Когда все изрядно утомились и прикончили самовар, Новодворов, как бы подводя итог, сказал:

— Мы плохо знаем сибирскую деревню и крестьянина- сибиряка. На то есть объективные причины. Они могут нас в какой-то мере оправдать, но не выручить. Ленин прав, говоря, что многие партийные работники, отлично проявившие себя в революции и гражданской войне, оказались неспособными найти верный путь к крестьянину, привлечь его на сторону большевиков и тем избежать многих горьких ошибок.

Здесь же, в земледельческой Сибири, крестьянский вопрос суть альфа и омега всей работы большевиков. Мы это явно недооценили — в том одна из причин создавшегося положения. И я принимаю на себя вину за это… Ты в целом верно определил направление главного удара, Феликс Эдмундович не ошибся в тебе. — Он встал, тяжело прошелся по комнате, остановился перед Чижиковым. — Но Аггеевского и Пикина не суди слишком строго. Мало грамоты. Мало опыта. А жизнь гонит! В башке и в сердце — революция клокочет. Хочется поскорей да покороче — вот и ломят, ни себя, ни других не щадя. Одергивать их? Обязательно! Критиковать? Непременно! Но жар не остужать: от холодного никто не воспламенится. — Вздохнул. Повернулся и неспешно, тяжело вышагивая, снова раздумчиво заговорил: — Губерния у нас неохватна, а сил ничтожно мало. На десять деревень — одна партячейка. И какая? Шесть-семь неграмотных либо малограмотных мужиков, и у самого старого, — он иронически подчеркнул интонацией последнее слово, — полугодовой партстаж. Ни телефонной, ни регулярной почтовой связи между селами. Дичь и глушь. Знахарки, круговая порука. Здесь ведь все, вплоть до волостных дел, раньше решалось мирским сходом. Всем миром. Понимаешь? И на полтора миллиона квадратных верст всего пять так называемых городов и три тысячи рабочих. Прибавь к этому тысячи осевших в глуши офицеров и прочих колчаковцев. Потому эсеры и сделали ставку на Северскую губернию…
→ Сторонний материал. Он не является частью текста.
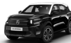
OPAL WHITE z lakierem PERLA NERA BLACK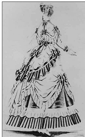
<그림 2> 1867년, 리본장식을 한 플로네즈 스타일 드레스. (출처: Racinet, A., Histoire du Costume, 1995.)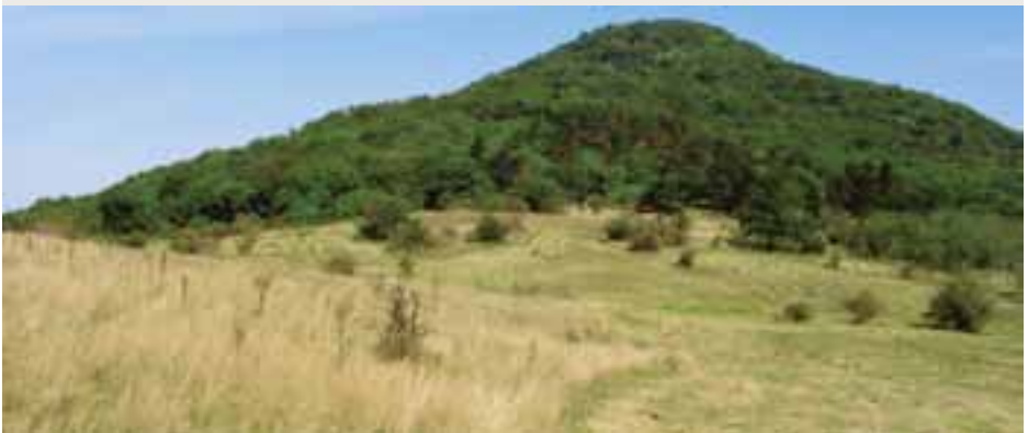
Vykosené lúky pod Žibricou (PR Žibrica)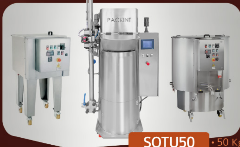
SOTU50 • 50 Kg/h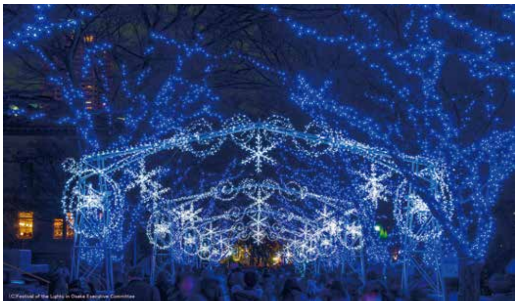
大阪市役所南側の全長約150mのケヤキ並木にかかる光のアーチ。

16年目となるOSAKA光のルネサンスは中之島に広がる水辺の風景を活かしたイルミネーションや大阪市中央公会堂に映し出される プロジェクトマッピングが楽しめます！今年で開館100周年を迎える大阪市中央公会堂とのコラボレーションは期待大です！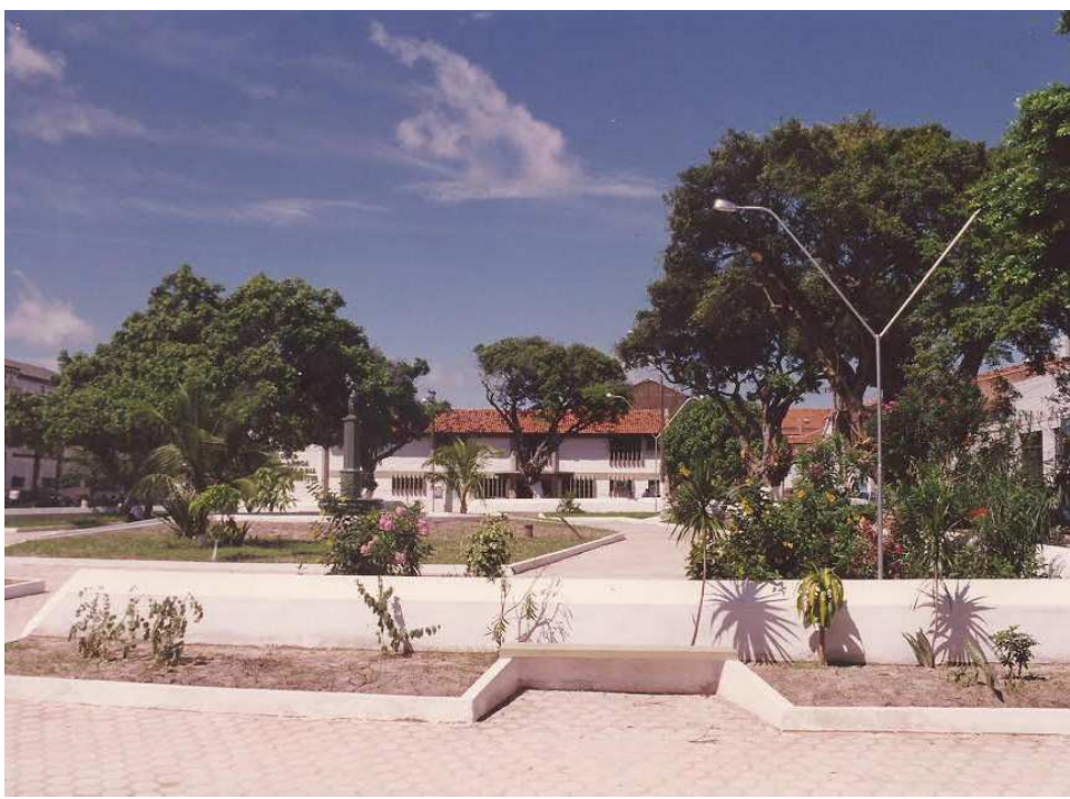
Antigamente denominada Afonso Saulnier de Pierrelévê, em homenagem ao primeiro médico cirurgião do tradicional Hospital Português e da Santa Casa de Misericórdia, sendo assim o primeiro médico cirurgião do Maranhão e um dos primeiros da Região Nordeste do Brasil a implantar uma prótese em membro inferior (perna), em uma escrava de sua propriedade, a praça está situada entre as ruas de Santa Rita e do Norte. Atualmente denomina-se Praça da Misericórdia, em função de estar próxima ao hospital da Santa Casa de Misericórdia.

Савва Герасимович умолк. Большое плоское лицо с тяжелым подбородком подернулось тенью задумчивости. Но седую голову он держал по-прежнему высоко и гордо и широких плеч не сутулил. Чижикову вдруг подумалось, что эта осанка и медлительность речи и ровное спокойствие манер даются Новодворову нелегко. И Чижиков вдруг увидел окружающее по-иному, и его царапнула по сердцу убогость обстановки, которую не могли скрыть ни цветы, ни книги. «А ведь ему никак не меньше шестидесяти. Жизнь позади. Дочь калека. Ни жены, ни внуков…»

Поймав обеспокоенный взгляд Новодворова, Чижиков спросил:

— Давно вы в Сибири?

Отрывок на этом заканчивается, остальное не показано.